La langue maternelle

Dernière mise à jour : 13 juin 2022


Jean Dubuffet - " La campagne heureuse "
Jean Dubuffet - " La campagne heureuse "

Le premier texte littéraire que j’ai écrit et publié en anglais date de 2013, seize ans après être m’être installée en Australie. C’est un travail qui m’avait été commandé par Kent Mac Carter pour une anthologie qu’il publia sous le titre Joyful Strains. L’ouvrage réunissait des textes d’auteurs qui vivent en Australie et écrivent en anglais. Nous avions tous en commun d’être nés à l’étranger. Nos origines étaient diverses. L’âge auquel nous étions arrivés en Australie variait. Certains avaient émigré ici encore enfants avec leur famille, ce qui leur avait permis de suivre une scolarité en langue anglaise. Les autres étaient arrivés à l’âge adulte. Je faisais partie de cette dernière catégorie.


Je suis restée seize ans sans écrire de texte littéraire en anglais. Je parlais l’anglais, bien sûr. Parler m’était indispensable si je voulais gagner ma vie. À l’université, j’enseignais et j’écrivais mes cours en anglais.

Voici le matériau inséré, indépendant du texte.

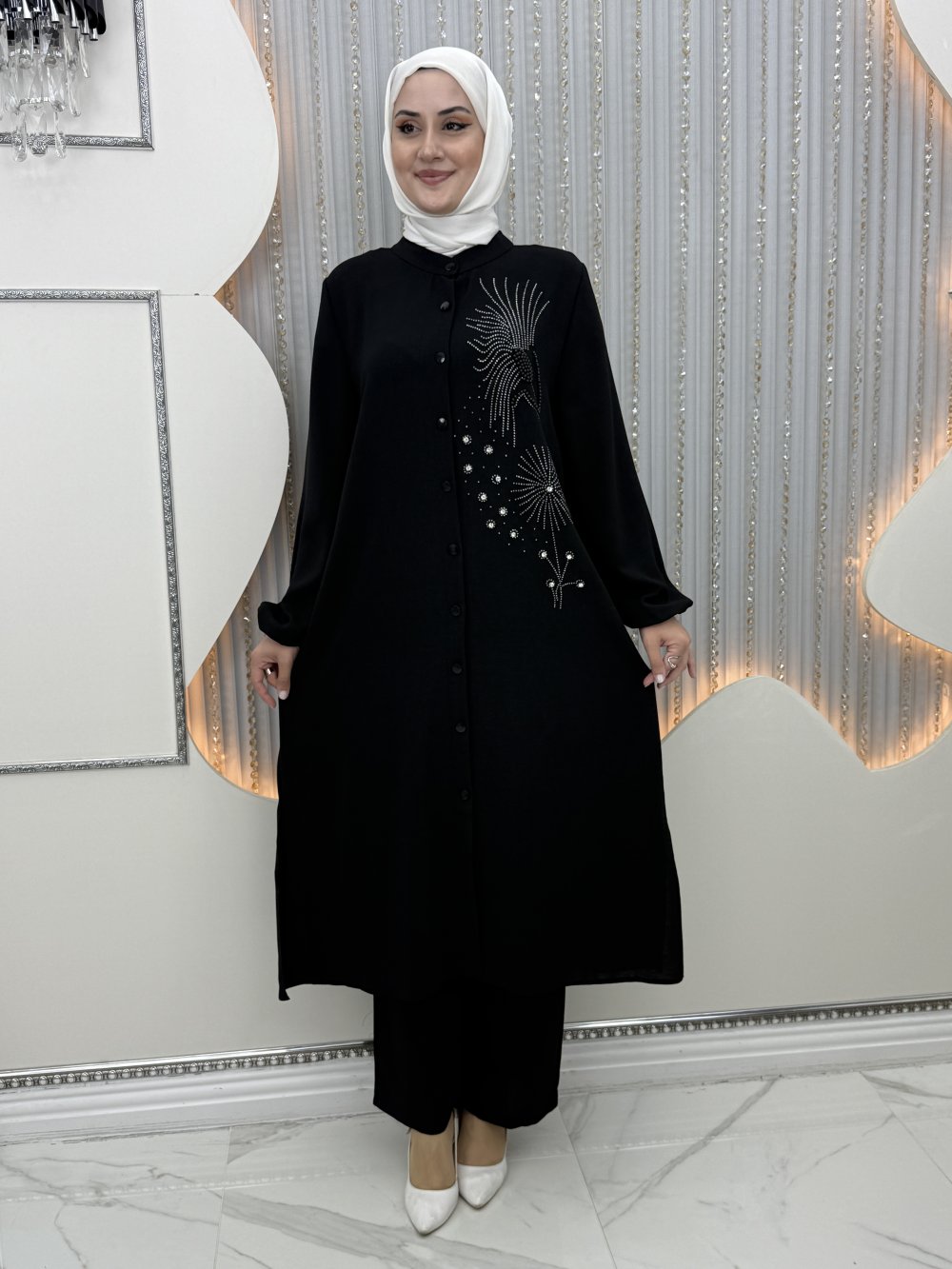 Ön tek yanı taş detaylı

L’anglais est la langue véhiculaire grâce à laquelle je communique. Mais à part ça, on peut se demander pourquoi j’ai attendu seize ans avant d’écrire un texte an anglais. La vérité, c’est que j’ai continué d’écrire dans ma langue maternelle nourrie de l’illusion que j’allais continuer d’être publiée en France, que je trouverais un traducteur et que mes livres sortiraient ici, en traduction anglaise. On se fait toujours des illusions avant que la réalité ne vous rattrape brutalement. Je parle un anglais correct, je pense, mais entre l’anglais que je parle et l’écriture de Virginia Woolf, de Patrick White ou de Dylan Thomas, il y a tout un monde. D’un côté, on balbutie une langue pour communiquer et de l’autre se dresse la citadelle d’une langue littéraire dont il faut non seulement comprendre l’histoire et la complexité, mais aussi appréhender émotionnellement et physiquement les subtilités jusqu’à ce qu’elle vous pénètre jusqu’à l’âme. Ou pour faire un parallèle avec le modèle linguistique de Henri Gobard, cité dans l’essai de Deleuze et Guatarri, Kafka,Pour une littérature mineure, je dirai qu’embrasser la langue littéraire du pays d’accueil, c’est adopter dans le même geste les quatre caractéristiques linguistiques décrites par Henri Gobard : le niveau vernaculaire, véhiculaire, référentiel et mythique. (À ces quatre qualités, j’ajouterai l’aspect poétique.) Quatre caractéristiques dont la complexité m’échappait. Le français était ma maison, mon unique repère dans un pays où je me suis longtemps sentie aliénée. Et puis le français était l’outil que j’avais peaufiné pendant des années. J’avais mis longtemps à savoir bien écrire, maîtriser mes subjonctifs présents et passés, collectionner les mots rares, les constructions alambiquées, les phrases à tiroir, les métaphores étonnantes, les tics de langage qui me sauvaient quand je voulais donner du piquant à mes phrases. Je me sentais bien dans ma langue, pourquoi est-ce que je l’aurais quittée ?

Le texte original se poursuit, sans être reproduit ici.